Doing something may be better than doing nothing, but if that something is close enough to nothing, it’s basically the same thing. You want to set the AI up to waste the actions you let it have, and this is where those slow knights we’ve been mocking all this time come in. On tight, crowded maps, a knight can block any area up to three wide with their Rampart Aura, all while backing up one square a turn and still casting Heal elsewhere. (You back up one square a turn because the aura is triggered by moving into it; units that start in it, i.e. adjacent to the knight, can move out of it just fine.)
Another easy way to get the AI to waste an action is giving them a convenient target. If my beastmaster is in range but my damage mage is not, they’ll go for the beastmaster, even though at full HP she’s a relatively sturdy target and can eat 2 or 3 attacks before I need to worry about healing her. It’s the opposite of you wanting to focus fire; you want the AI to spread damage around. Let them hit your full health units. If your healer is beat up, pull him back and advance a full health but squishy mage as a bait target.
A situational example of this is bodyblocking a low damage enemy like a knight into a corner and just ignoring them, while your blocker units use spells or ranged weapons to attack elsewhere. Sure, he’ll be slapping your archers for 20% of their HP a round, but in the mean time you don’t have to worry about his rampart aura stopping your berserker’s rampage or him putting even more damage on your poor healer after all the enemy archers shot him.
Don’t expect bodyblocking to hold for long, as critical hit knockback is a thing, and they’ll move away afterwards. The AI moves pretty much every turn, even if it’s disadvantageous for them.
All Tactics, No Ogre: Battlefield Tactics
Sometimes that is defeating all enemies, sometimes there’s only one enemy you need to kill. If a fight seems unfair, it probably is, so focus on the objective instead of just trying to kill everything.
A few general tips, before I get into specific tactics.
- Loot bags dropped by enemies are picked up at the end of the fight. If they are taken by enemies that you haven’t killed, you lose the items. If they are picked up, and you kill that enemy, the loot is dropped again.

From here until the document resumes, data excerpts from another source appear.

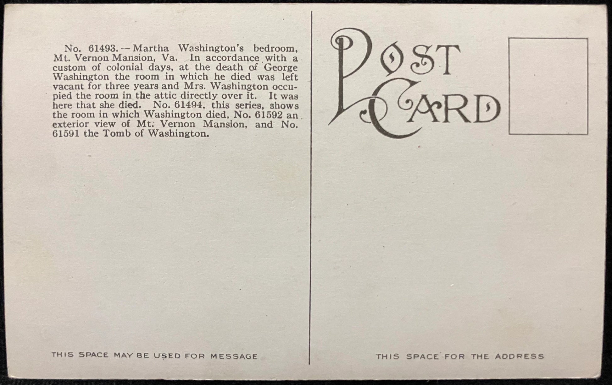 On back: No. 61493. - Martha Washington’s bedroom, Mt. Vernon Mansion, Va. In accordance with a custom of colonial days, at the death of George Washington the room in which he died was left vacant for three years and Mrs. Washington occupied the room in the attic directly over it. It was here that she died. No. 61494, this series, shows the room in which Washington died, No. 61592 an exterior view of Mt. Vernon Mansion, and No. 61591 the Tomb of Washington.
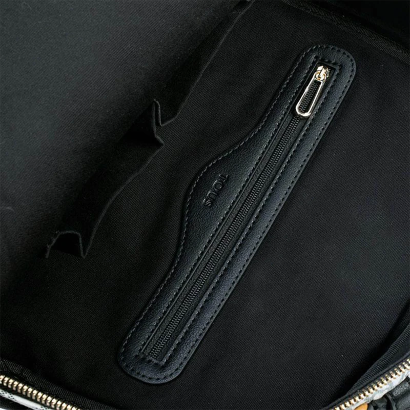 Es un accesorio femenino que combina estilo contemporáneo con funcionalidad diaria, ideal para quienes quieren un complemento versátil y con personalidad. Está confeccionada en vinilo con estampado Kaos en tonos beige y negro, una paleta elegante que aporta un look moderno sin perder sofisticación.
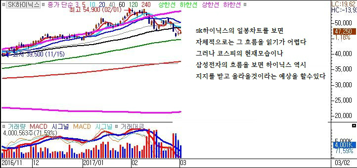 코스피의 흐름은 결국 삼성전자와 sk하이닉스의 움직임을 같이 놓고 봐야하며
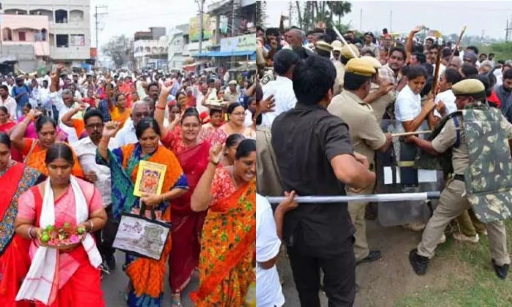 అమరావతి రాజధాని గ్రామాల్లో టెన్షన్ వాతావరణం నెలకొంది. తుళ్లూరు నుంచి విజయవాడ కనకదుర్గమ్మ ఆలయం వరకు మహిళలు చేపట్టిన పాదయాత్ర రణరంగంగా మారింది. పాదయాత్రకు అనుమతి లేదంటూ పోలీసులు అడ్డుకున్నారు. దీంతో మహిళలు, పోలీసులకు మధ్య వాగ్వాదం చోటు చేసుకుంది.

- Cards are significant power boosts if you get them on the right units. MP Up cards are often more useful on melee characters for their powerful finishers than on casters, who already regenerate lots of MP via Meditate.
- Critical hits and shield attacks knock the target back. This is occasionally useful for triggering fall damage, but more likely to be helpful for either clearing space to maneuver or pushing an enemy off a cliff where they’ll lose turns moving back into position.
- Flying is crazy powerful in this game, so having a unit or two with flight is highly recommended.